What is needed -> Write out the data word for word and drop any picture you find.

Provided material ->
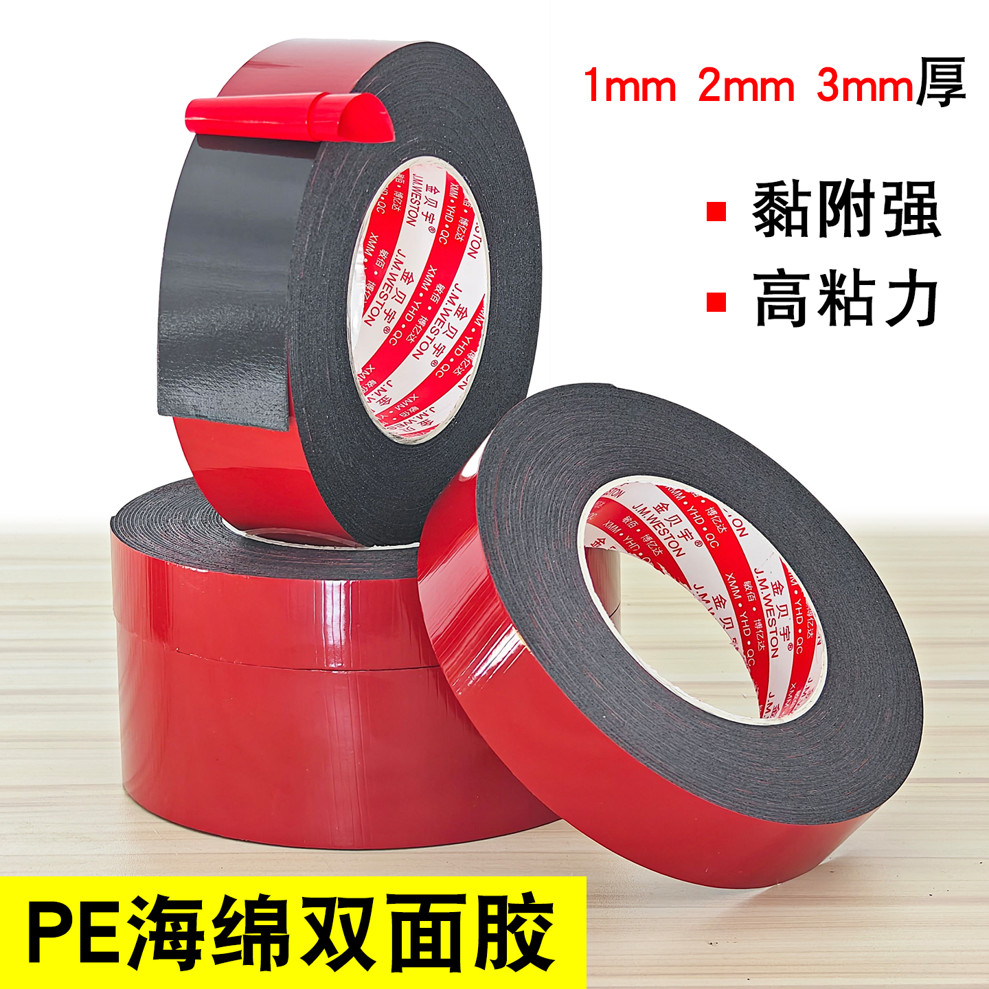 进口黑色海绵双面胶带真石线条PE红膜泡棉泡沫LED灯条胶带1 2 3mm
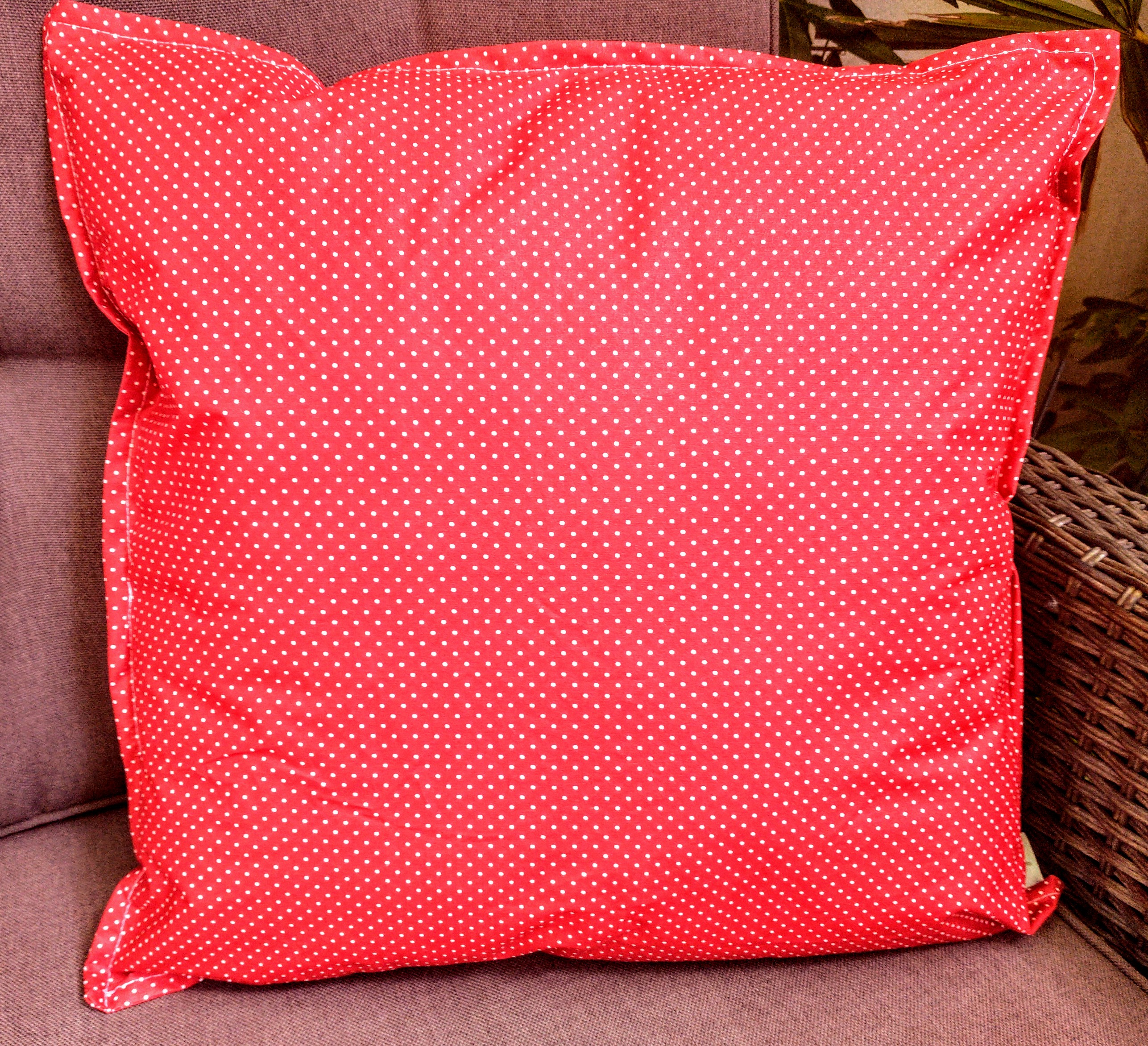 Outdookissen beschichtete Baumwolle rot weiße Punkte
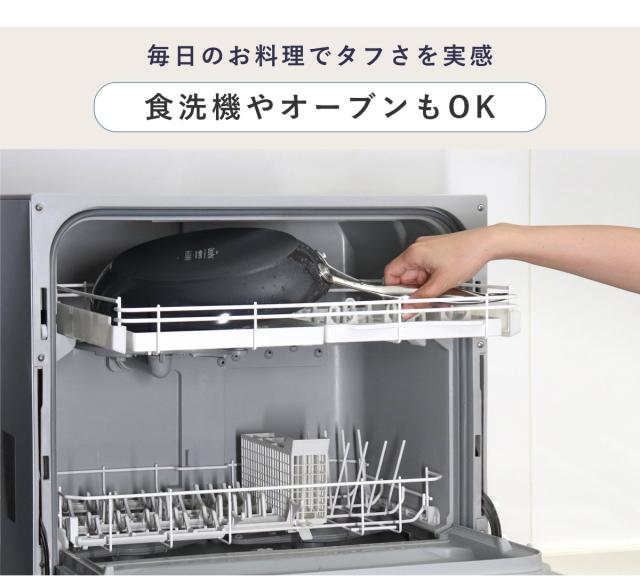 お料理の際には金属製キッチンツール、オーブンの使用、お手入れの際には食器洗浄機の使用が可能。毎日のお料理でタフさを実感していただけます。

Result of this exercise ->
 进口黑色海绵双面胶带真石线条PE红膜泡棉泡沫LED灯条胶带1 2 3mm
 Outdookissen beschichtete Baumwolle rot weiße Punkte
 お料理の際には金属製キッチンツール、オーブンの使用、お手入れの際には食器洗浄機の使用が可能。毎日のお料理でタフさを実感していただけます。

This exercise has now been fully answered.